Если б это не было так мерзко, я сказал бы, что сцена убийства написана изумительно; по совершенству рисунка виден мастер. Чтобы отыграться на старике, донять его как можно болезненней, они, прежде чем удушить его шнурком, принимаются рычать на него языком концлагерных поваров и гестаповских шоферов, тем самым языком, который был проклят, обречен на вечное изгнание из королевства. И пока тело удушаемого еще бьется в конвульсиях на полу, убийцы, поостыв, _возвращаются_ к придворному языку лишь потому, что у них уже нет иного выхода: доллары фальшивые, не с чем и незачем убегать. Таудлиц спутал их по рукам и ногам и не выпустит никого из своего королевства. Им не остается ничего иного, как продолжать игру в соответствии с изречением: "Король умер. Да здравствует король!" - и тут же сразу над трупом они выбирают нового короля.

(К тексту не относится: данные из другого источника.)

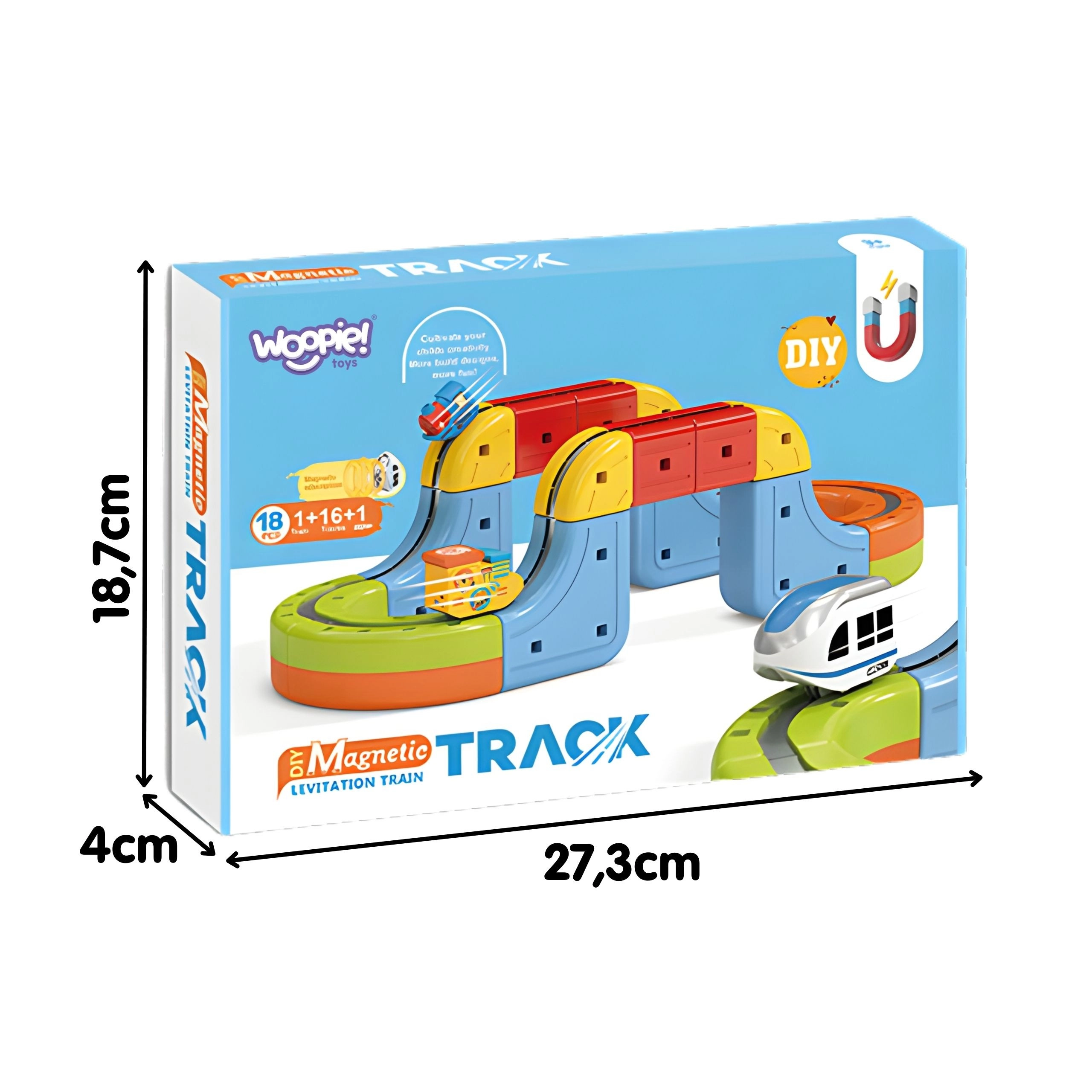 Scopri la magia del magnetismo e costruisci la tua pista antigravitazionale con il set WOOPIE. Questo set da 18 pezzi permette di creare percorsi folli e tortuosi, lungo i quali il veicolo, grazie a un innovativo sistema magnetico, viaggia in modo sicuro anche a testa in giù. Montaggio facile, alimentazione via USB e ore di divertimento creativo senza cambiare batterie.

Следующая глава (Бертран, укрытый у своей "герцогини") значительно слабее. Лишь последняя глава, описывающая, как разъезд копной аргентинской полиции добирается до дворцовых стен, - эта гигантская немая сцена, заключительная в романе, - представляет собою отличное его завершение. Разводной мост, полицейские в измятых мундирах с кольтами на ремнях, в широкополых шляпах, загнутых с одной стороны, а напротив них стражи в полупанцирях и кольчугах, с алебардами, в изумлении глядящие одни на других, словно два времени, два мира, противоестественно сошедшиеся в одном месте... по двум сторонам решетки, которая начинает медленно, тяжело, с адским скрежетом подниматься... Финал, достойный произведения! Но своего Гамлета - Бертрана - автор, увы, потерял, не использовав больших возможностей, заложенных в этой фигуре. Я не говорю, что его следовало умертвить - в этом Шекспир не может быть непререкаемым образцом, - но жаль утерянной возможности: неосознанного величия, которое спит в каждом нормальном, доброжелательном человеческом сердце. Очень жаль.